What's really interesting though is that this election was truly a battle between two good and worthy candidates. Still, with the intensity of the is contest, you might have expected the winner to step forward with pomp and circumstance, fireworks ripping the evening sky, fists pumped in the air, dancing a victory dance.

This is not what happened...

First -

John McCain delivered a very gracious concession speech. He spoke from his heart with honesty and sincerity. He took firm control of his audience and presented his support to the President-elect. He went back to who he really is - the man that originally appealed to American people. I think that, if he had run his campaign the way he delivered this speech, he would have been much more of a contender in this election. Here was the man, the hero and the leader. Unfortunately, he lost his connection to these things during the campaign and he lost the election as a result. Poor communication can really cost...

Second -

Barack Obama delivered his 'victory' speech. I'll never forget his face when he walked out to the podium - intelligent, sincere, humble and truly honoured. No fireworks, no fist-pumping. He walked out and all his expression said was "Thank you". Then he began to speak - from the depths of his heart. He expressed gratitude, he took control, he reached out to unite all Americans - whether they had voted for him or not. He did not rant like a cheerleader and whip people up - he focused on inspiration and teamwork. He delivered a truly great speech - a speech that was consistent with everything else he had said during his campaign. His communication style is that of a true leader - honest, consistent, galvanizing, clear, concise, motivating, sincere and heartfelt. He delivered his speech with grace. This is why so many people voted for him. Great communication can really win the game...

Even Obama's unspoken messages were strong - the humble facial expressions, the sincere wave, the open body language, the people he brought up on stage with him for recognition, his body contact with his family - everything was congruent with the words he spoke and the messages he conveyed. Truly magnificent to observe.

Watch the whole thing again here...




There is a lot to be learned from watching a great communicator in action. Keep your eye on Obama - this is a great opportunity to observe and learn from a master.

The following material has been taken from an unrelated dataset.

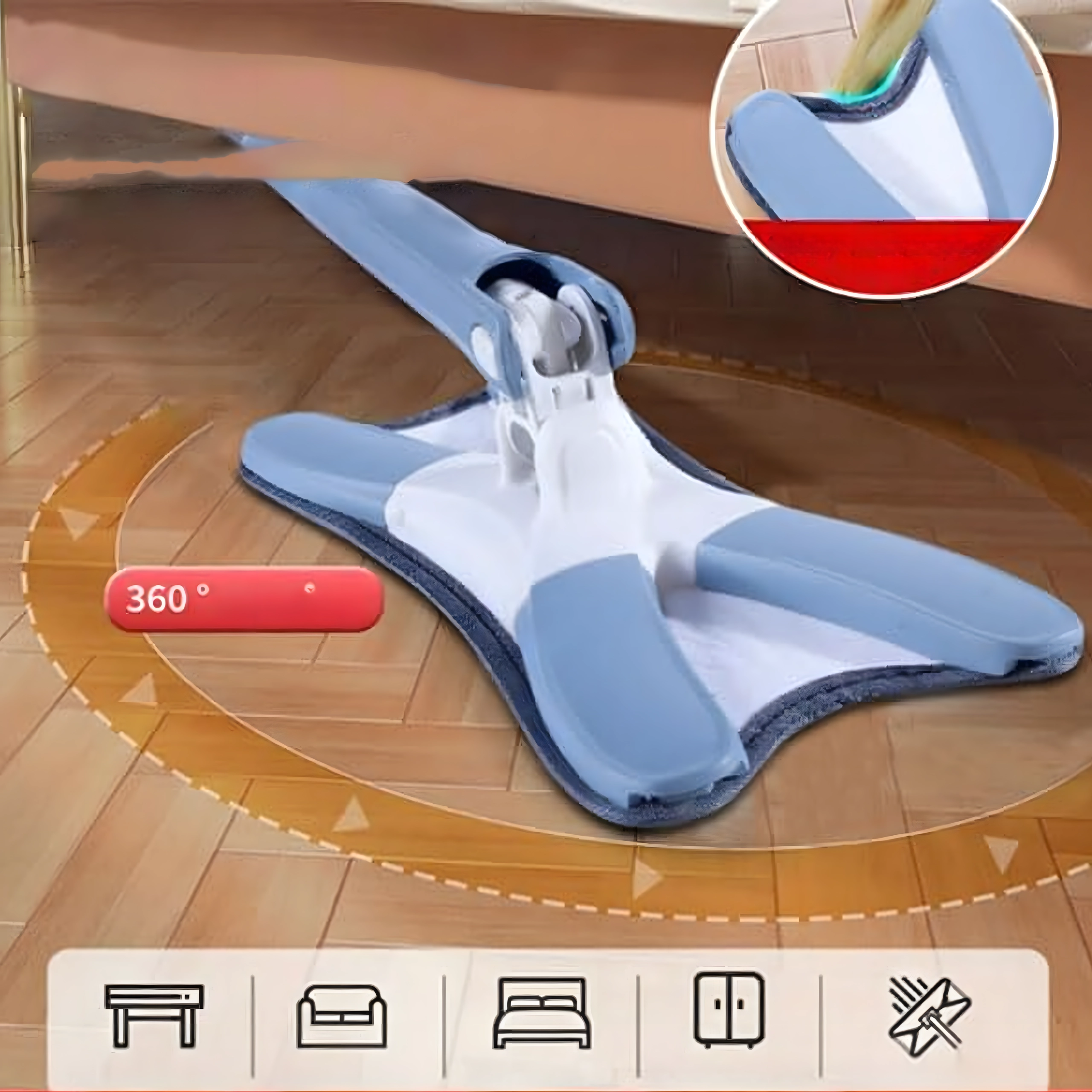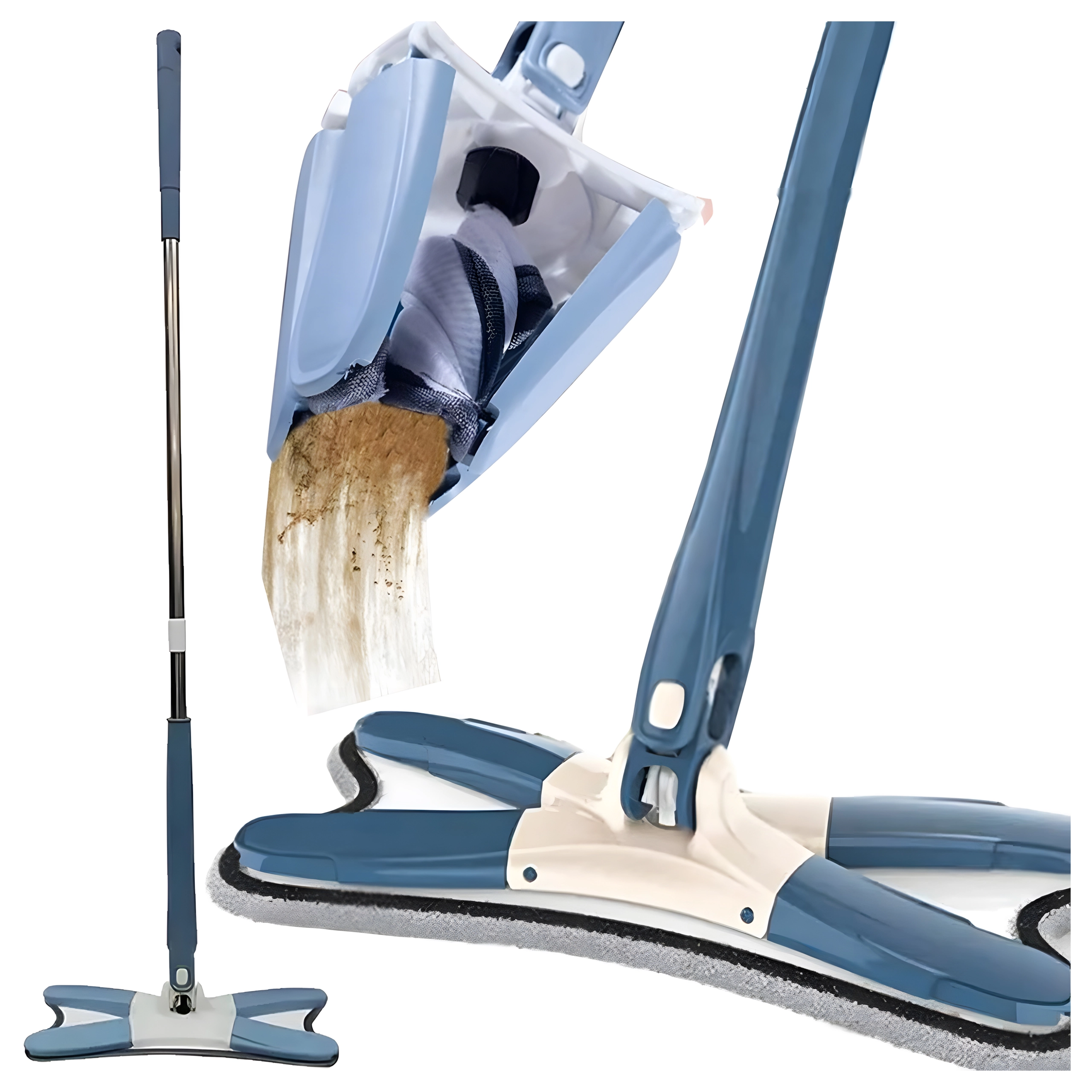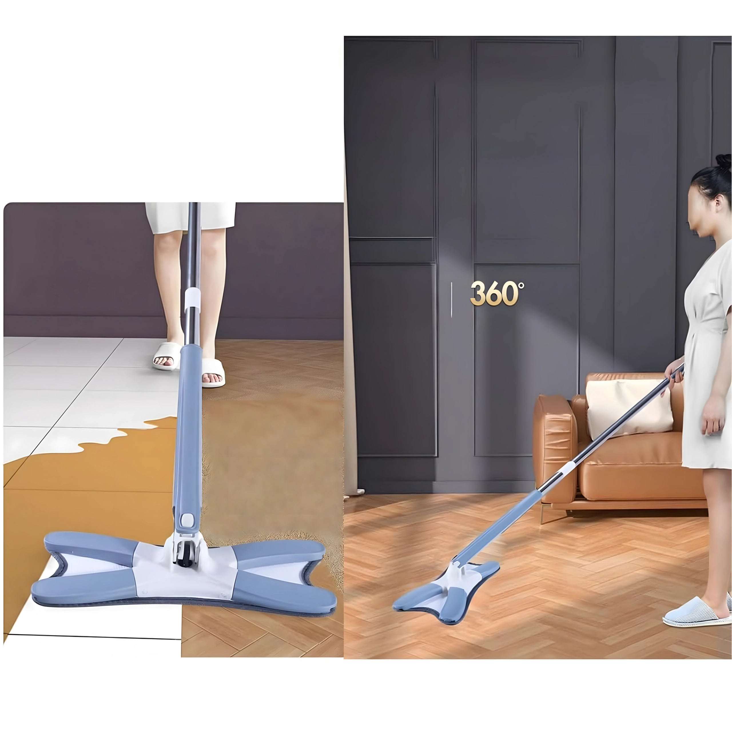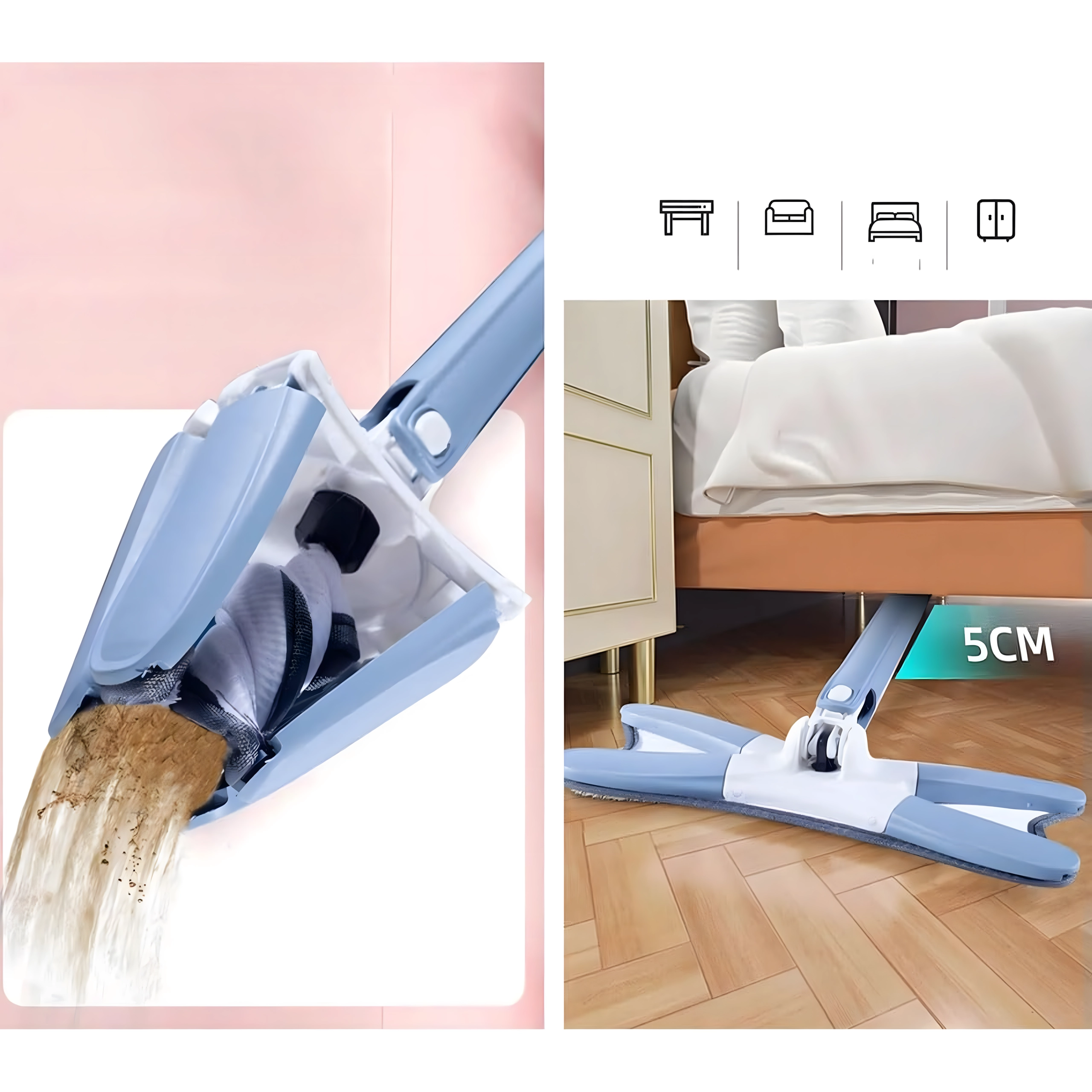 Pratico mocio piatto con testa girevole e meccanismo integrato per una facile strizzatura senza bagnarsi le mani. Grazie alla testa larga e al microfibra raccoglie efficacemente polvere e sporco su tutti i pavimenti duri. Include rivestimento di ricambio, struttura pieghevole a X e asta telescopica per una pulizia comoda anche negli angoli e sotto i mobili.
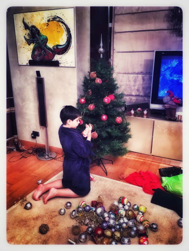 În sânul familiei şi într-o atmosferă de sărbători, fosta balerină lituaniană l-a fotografiat pe băiatul său în timp ce acesta punea globurile în brad. Toate globurile sunt împrăştiate pe covor.

In the meantime - keep your communication sincere, honest, heartfelt and gracious. The benefits are great.

the communication guru

Tuesday, October 21, 2008

What determines the quality of your life?

"The way we communicate with others and with ourselves ultimately determines the quality of our lives."
~Anthony Robbins
1960-, American Author, Speaker, Peak Performance Expert / Consultant

Read this quote again.

Nothing could be more true. If you truly believe this (and you should), shouldn't you spend more time working on your communication skills more than you do now?

the communication guru

The Rules of Personal Space (or how close is close-talking?)

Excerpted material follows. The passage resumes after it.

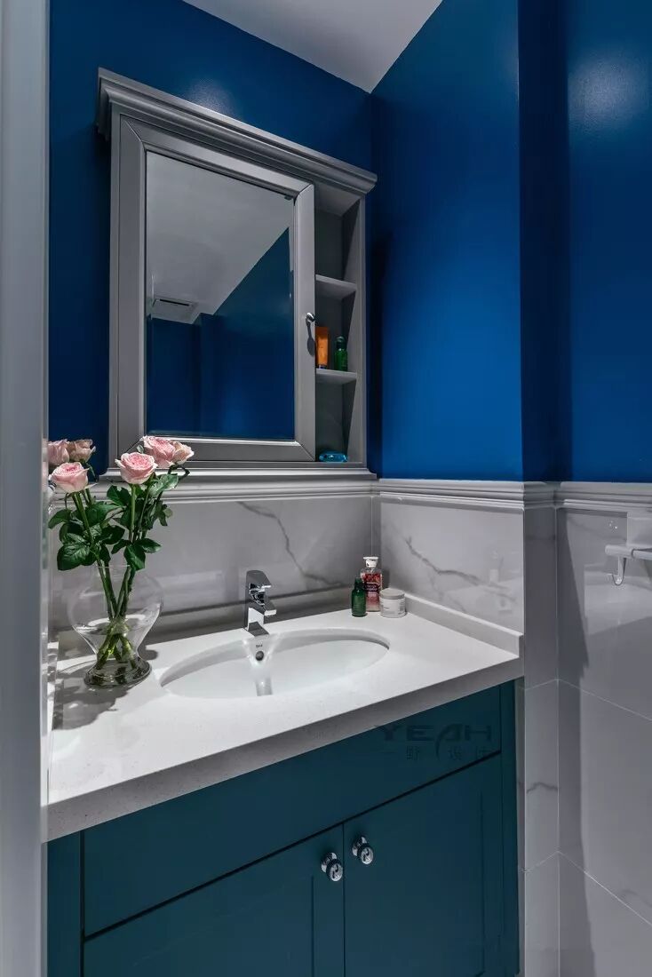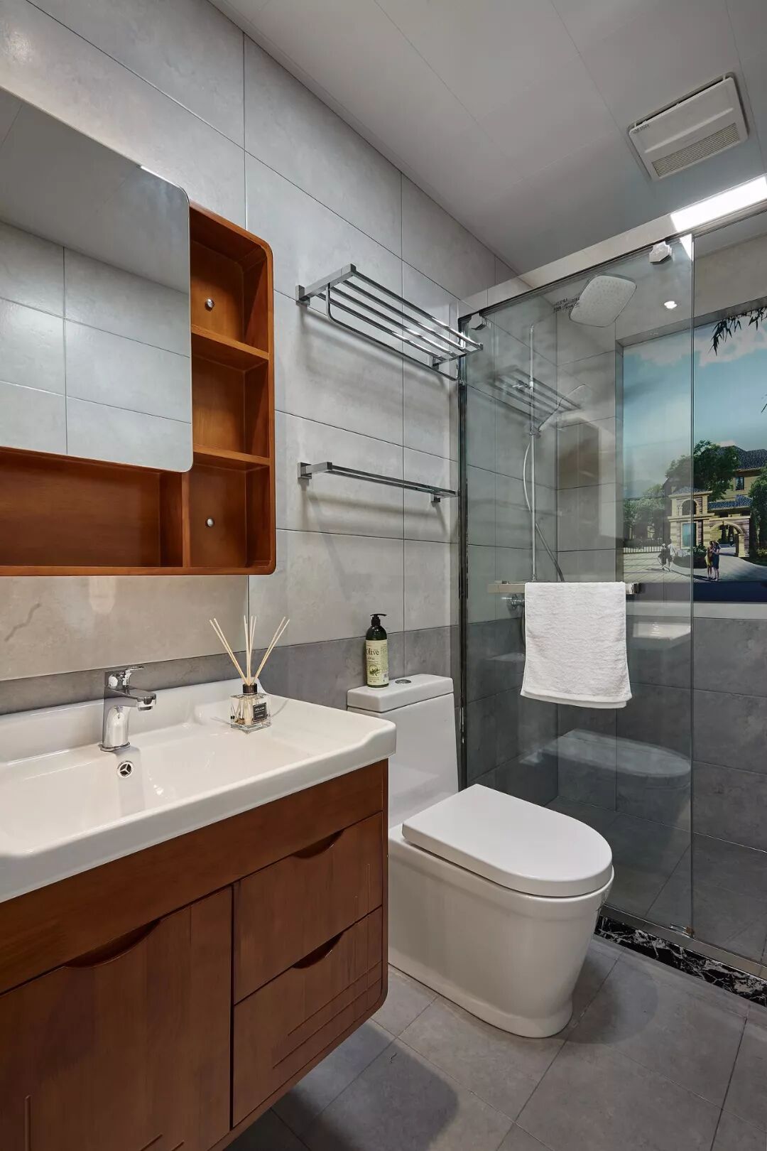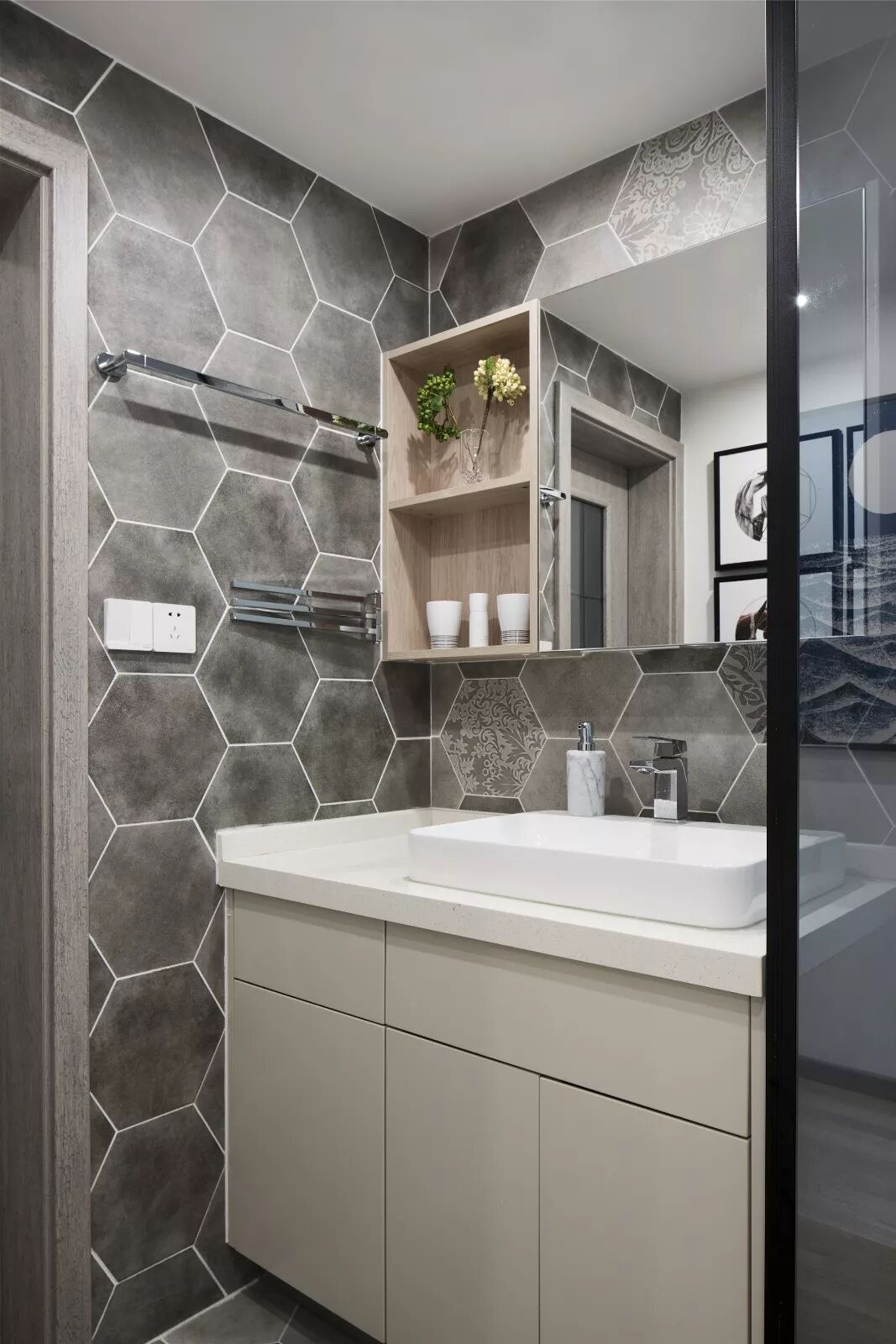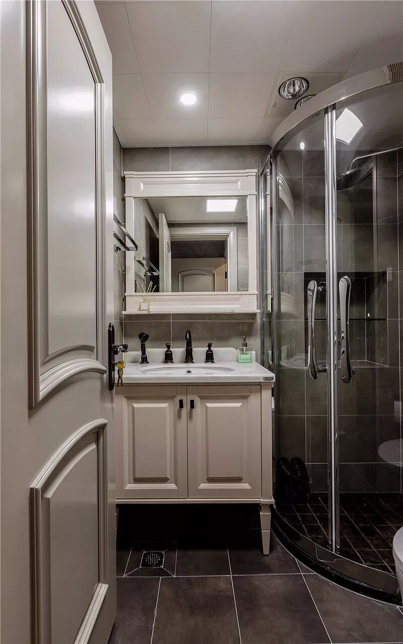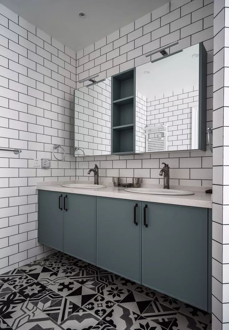 卫生间的镜子一般是用来梳妆的,而洗手台里侧的空间一般都是闲置的,这个时候就可以把镜子后面装成柜体,而柜子底部就留空成格架,洗漱用品就放在这里方便使用。

I observed a funny thing at a networking event recently.

I was off to the side of the meeting room drinking a glass of water, watching some of the people meeting and networking. A woman in a red jacket caught my eye as she walked up to a professional-looking man and introduced herself. They shook hands and started to chat. Then a funny thing started to happen. Every time I looked away and looked back, this pair was in a different place in the room. Curious, I started to watch a little more closely and this is what I noticed. As they were talking, the woman would step in quite close to the man and, clearly uncomfortable, the man would take a step backward. She'd take another step forward and he'd counter with another step back. This led to a bizarre slow dance around the room. After a few minutes, the woman broke away from the conversation and left the room smiling. The man wiped his brow with his arm as she walked away, clearly relieved to be free.

Remember the classic Seinfeld episode with the 'close-talker'? He made everyone crazy by zooming into people and talking almost nose-to-nose. Really funny episode...

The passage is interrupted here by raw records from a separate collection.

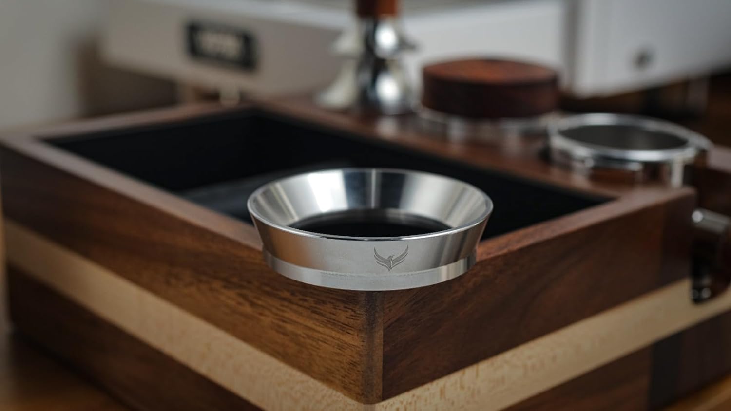 - Whether you’re upgrading your setup or gifting a coffee lover, this 58mm portafilter funnel ring and filter set brings barista-level precision to every home. A must-have espresso accessories magnetic dosing ring and puck screen set
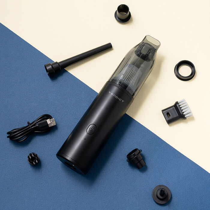 또한, 벤딕트 미니 차량용 청소기는 437g의 가벼운 무게로 휴대하기도 편하며 한손에 들어오는 크기로 차량에 구비해놓기도 편하고 사무실에서도 핸디 청소기로 사용하기 편하다. 타사제품들과는 다르게, LED 라이트 기능이 있어서 어두운 곳에서도 꼼꼼하게 청소가 가능하다. 충전의 경우에도 대중적으로 사용하는 C-Type 포트를 사용하여 완충 후 최대 30분가량 무선 사용이 가능하다.
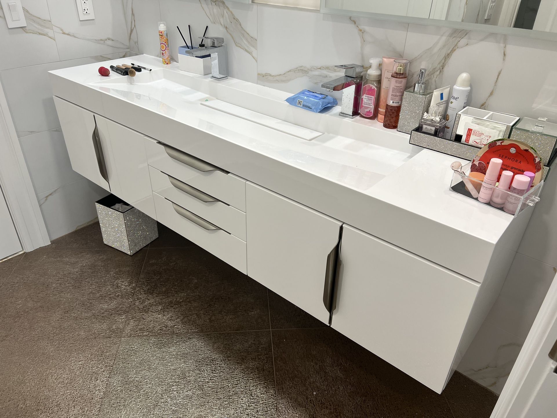 BRAND NEW - James Martin double sink only. Model: CS-S378D-GW. Ordered two and only used one. Measurements are 72.6 W x 18.75D x 4 H. Glossy white The retail is over $1,500. Pictures are from the one I used. The other is sealed in the box. You can buy separately original vanity or have it custom made. Sink has a modern look with infinity drain. See link below. https://offerup.co/faYXKzQFnY?$deeplink_path=/redirect/
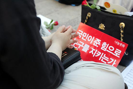 두손모아 '쇠고기 재협상'을 위해 기원하는 스님.[사진-통일뉴스 조성봉 기자]

It can be really funny to watch someone else's space be invaded, but it feels horrible when it happens to you. Our ancient 'fight or flight' mechanisms are triggered when this happens, which is why we feel so uncomfortable. Our instincts make us either want to run from or slug the offender.

In order to prevent some really awkward situations, let's review the standard rules for personal space in North America. (It may not be the same in other parts of the world.)

The Intimate Zone: 12 inches (30 cm) or less
~This space is reserved for personal intimacy. If you aren't comfortable hugging or kissing someone, you should not be in this space. That is why most of us don't like airline seats or crowded subways - we are forced to have strangers in our intimate zone for a sustained period.

The Personal Zone: 1-2 feet (30-60 cm)
~This space is reserved for people we know and like, or those we invite in. We often invite people we have just met into this space - to shake hands or to talk in a noisy space. The thing is, those we invite should not overstay. We usually bob in and out of this space. Staying too long can feel invasive and uncomfortable.

The Social Zone: 2-4 feet (60- 120 cm)
~This space is far enough away that we feel comfortable with those we don't know well. We move in closer to talk, and back away after talking or listening. Watch small groups at company parties. They stand in a group 2-4 feet across. Then they take turns tipping their heads forward and taking a step in, and then lifting their heads and backing up. It is the social party dance.

The Public Zone: More than 4 feet (120 cm+)
~This is the space outside your personal zone where your comfort is not a factor. This is essentially the world outside of you.

So, be aware of where you place yourself in conversations. And no close-talking, please, unless you have been invited in!

the communication guru

Monday, October 20, 2008

The essence of body language...

"Body language is a very powerful tool. We had body language before we had speech..."

Deborah Bull (dancer)


Excellent point. When you think of it this way, you start to understand how much we really do communicate with our bodies vs. our words. Just a reminder - our words only communicate 7% of our message; the tone we use makes up 38% and body language sends 55% of our message.

Our bodies can't lie...
the communication guru

What do crossed arms mean?

I was asked this question in a workshop recently. And it is a tough one to sum up in a simple answer. The honest answer - crossed arms can mean a lot and they can mean nothing.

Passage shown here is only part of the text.